**WHAT YOU SHOULD DO:** The listing below holds pictures; exclude them. Return exactly the lines from the one with "ワークブーツの話をしよう。実" through the one with "Caja de herramientas".

**DATA:**
= Beginning of Section =
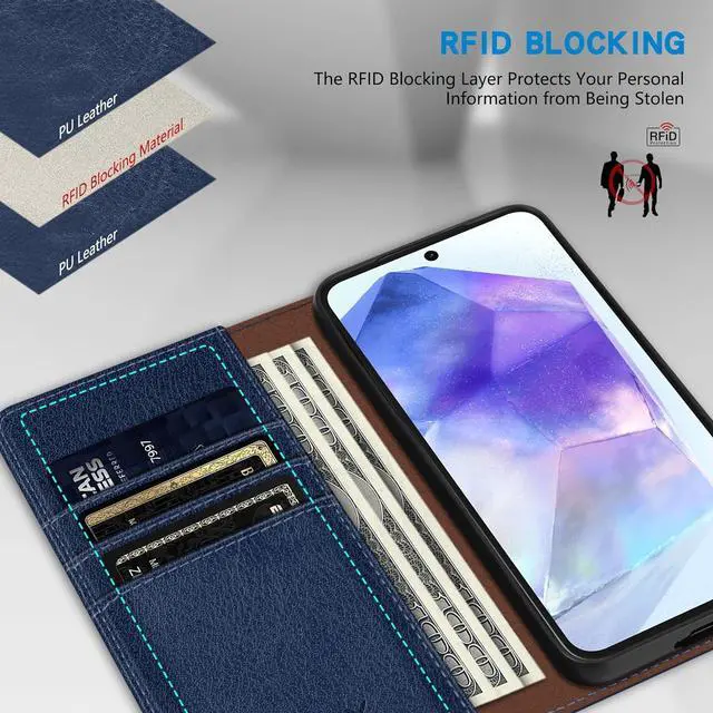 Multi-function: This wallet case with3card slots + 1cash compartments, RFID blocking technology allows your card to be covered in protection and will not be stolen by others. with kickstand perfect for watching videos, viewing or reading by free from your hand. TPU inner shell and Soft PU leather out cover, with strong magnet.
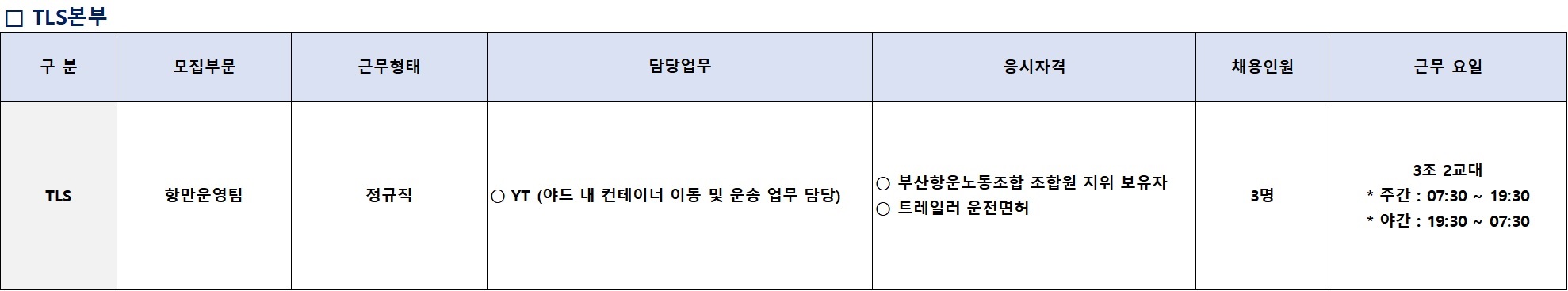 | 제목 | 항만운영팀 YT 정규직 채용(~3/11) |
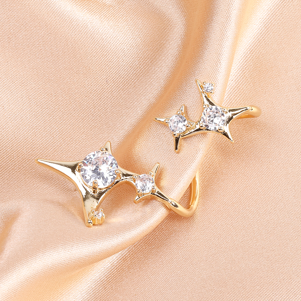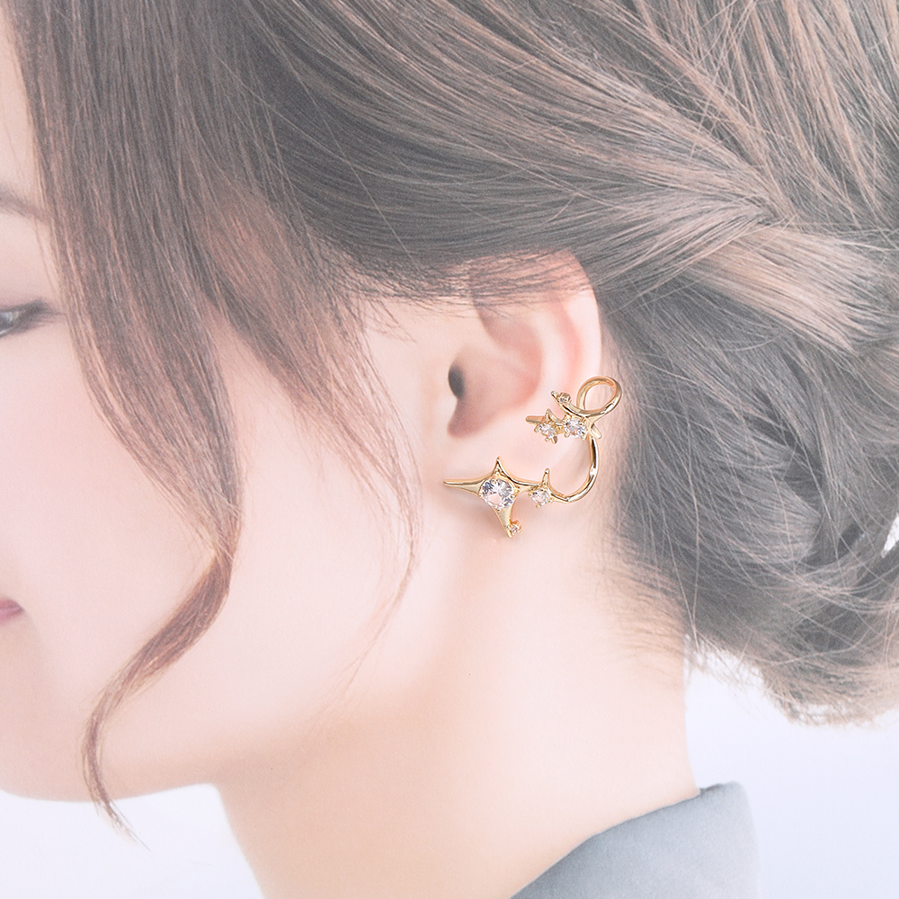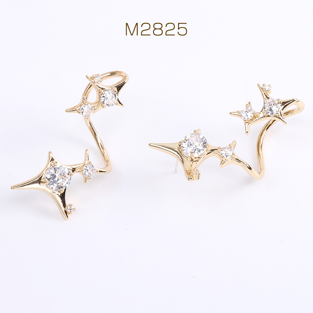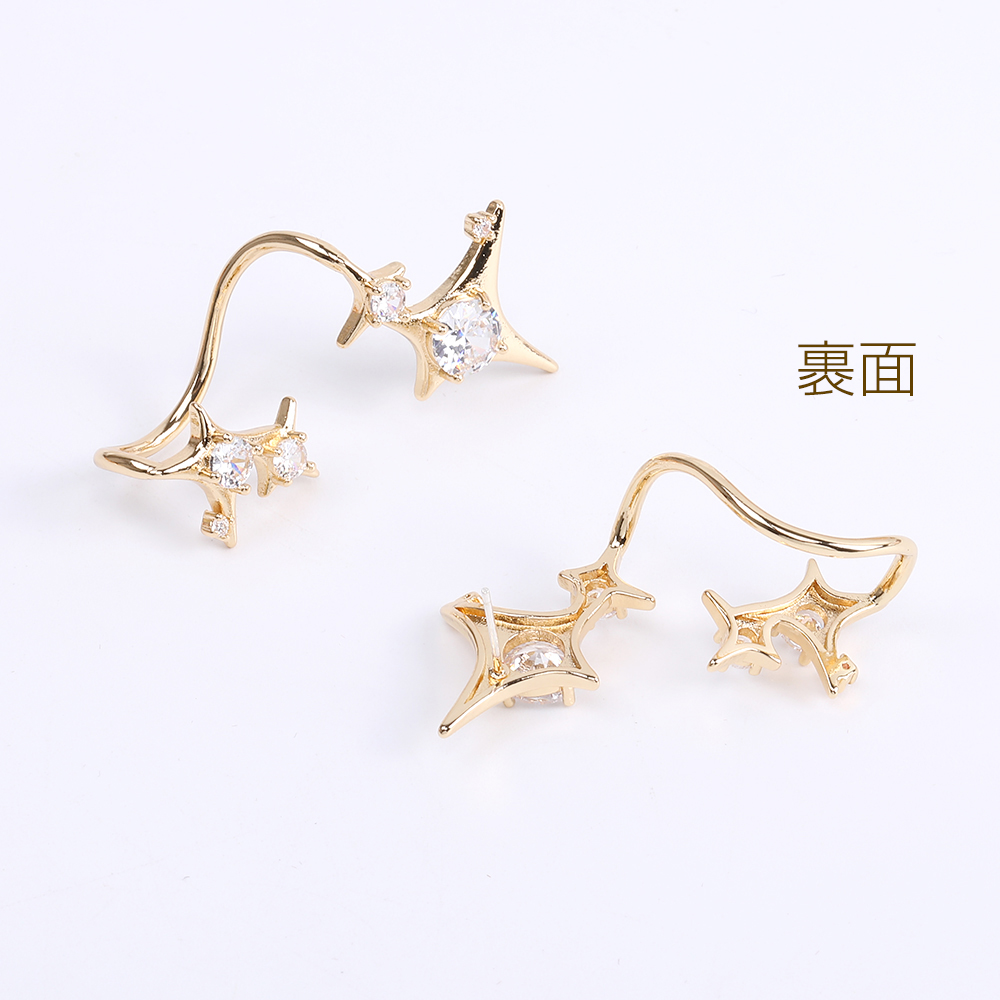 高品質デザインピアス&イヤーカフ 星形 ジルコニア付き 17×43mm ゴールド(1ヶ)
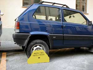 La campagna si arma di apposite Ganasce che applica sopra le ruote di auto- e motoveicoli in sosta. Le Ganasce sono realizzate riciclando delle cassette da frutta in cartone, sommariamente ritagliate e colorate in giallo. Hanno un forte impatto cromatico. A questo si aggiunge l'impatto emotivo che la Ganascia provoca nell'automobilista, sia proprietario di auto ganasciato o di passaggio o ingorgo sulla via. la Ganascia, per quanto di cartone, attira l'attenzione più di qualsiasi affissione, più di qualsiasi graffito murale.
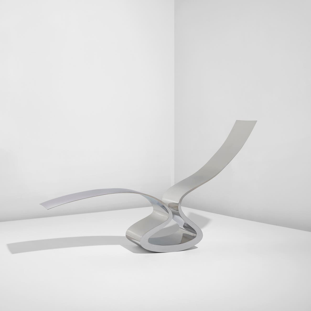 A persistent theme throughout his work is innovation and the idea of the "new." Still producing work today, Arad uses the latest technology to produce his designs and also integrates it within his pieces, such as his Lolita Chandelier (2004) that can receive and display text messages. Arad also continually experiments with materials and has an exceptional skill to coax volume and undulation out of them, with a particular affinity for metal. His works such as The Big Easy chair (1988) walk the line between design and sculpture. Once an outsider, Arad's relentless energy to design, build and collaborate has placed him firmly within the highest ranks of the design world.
= End of Section =
= Beginning of Section =
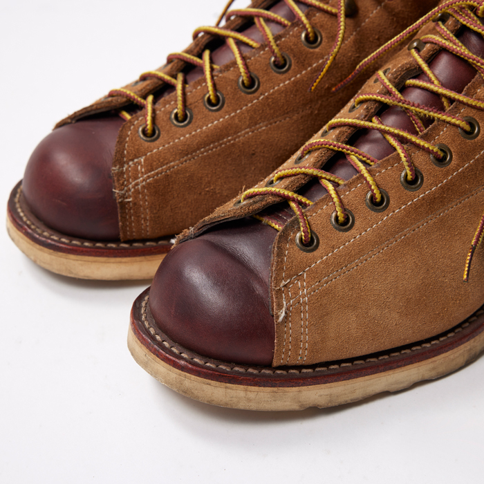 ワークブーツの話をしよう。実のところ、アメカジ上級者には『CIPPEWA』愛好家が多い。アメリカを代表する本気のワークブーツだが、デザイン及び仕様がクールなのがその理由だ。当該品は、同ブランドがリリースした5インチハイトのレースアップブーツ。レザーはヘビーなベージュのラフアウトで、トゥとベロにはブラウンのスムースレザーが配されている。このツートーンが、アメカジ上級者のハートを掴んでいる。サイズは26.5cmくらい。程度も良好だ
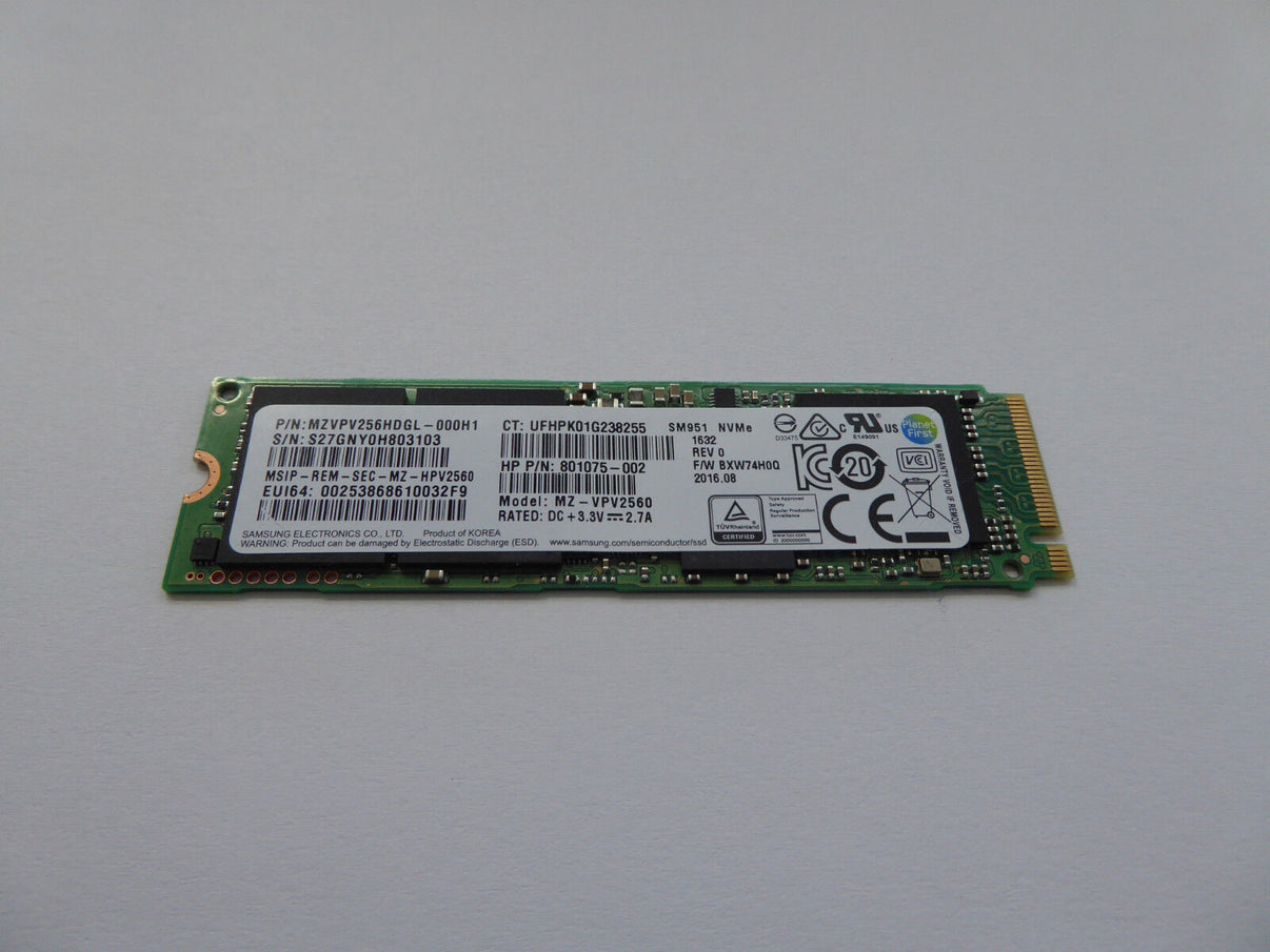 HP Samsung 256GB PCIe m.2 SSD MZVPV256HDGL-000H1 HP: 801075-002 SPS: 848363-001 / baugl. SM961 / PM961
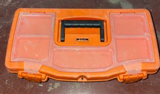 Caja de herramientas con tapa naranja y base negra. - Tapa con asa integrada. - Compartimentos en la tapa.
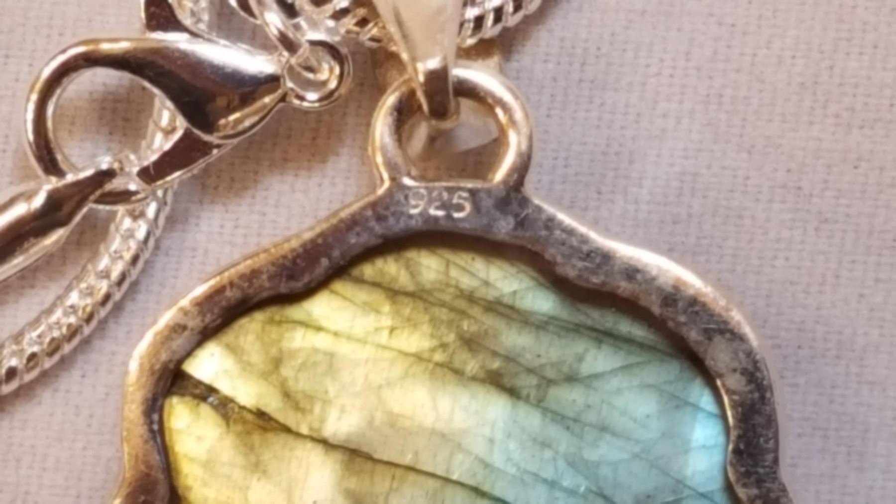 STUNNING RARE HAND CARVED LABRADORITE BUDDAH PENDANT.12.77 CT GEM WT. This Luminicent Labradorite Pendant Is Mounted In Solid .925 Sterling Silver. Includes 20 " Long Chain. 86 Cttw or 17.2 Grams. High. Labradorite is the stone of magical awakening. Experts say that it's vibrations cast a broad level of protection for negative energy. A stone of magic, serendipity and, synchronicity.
= End of Section =
**RESULT BELOW:**
 ワークブーツの話をしよう。実のところ、アメカジ上級者には『CIPPEWA』愛好家が多い。アメリカを代表する本気のワークブーツだが、デザイン及び仕様がクールなのがその理由だ。当該品は、同ブランドがリリースした5インチハイトのレースアップブーツ。レザーはヘビーなベージュのラフアウトで、トゥとベロにはブラウンのスムースレザーが配されている。このツートーンが、アメカジ上級者のハートを掴んでいる。サイズは26.5cmくらい。程度も良好だ
 HP Samsung 256GB PCIe m.2 SSD MZVPV256HDGL-000H1 HP: 801075-002 SPS: 848363-001 / baugl. SM961 / PM961
 Caja de herramientas con tapa naranja y base negra. - Tapa con asa integrada. - Compartimentos en la tapa.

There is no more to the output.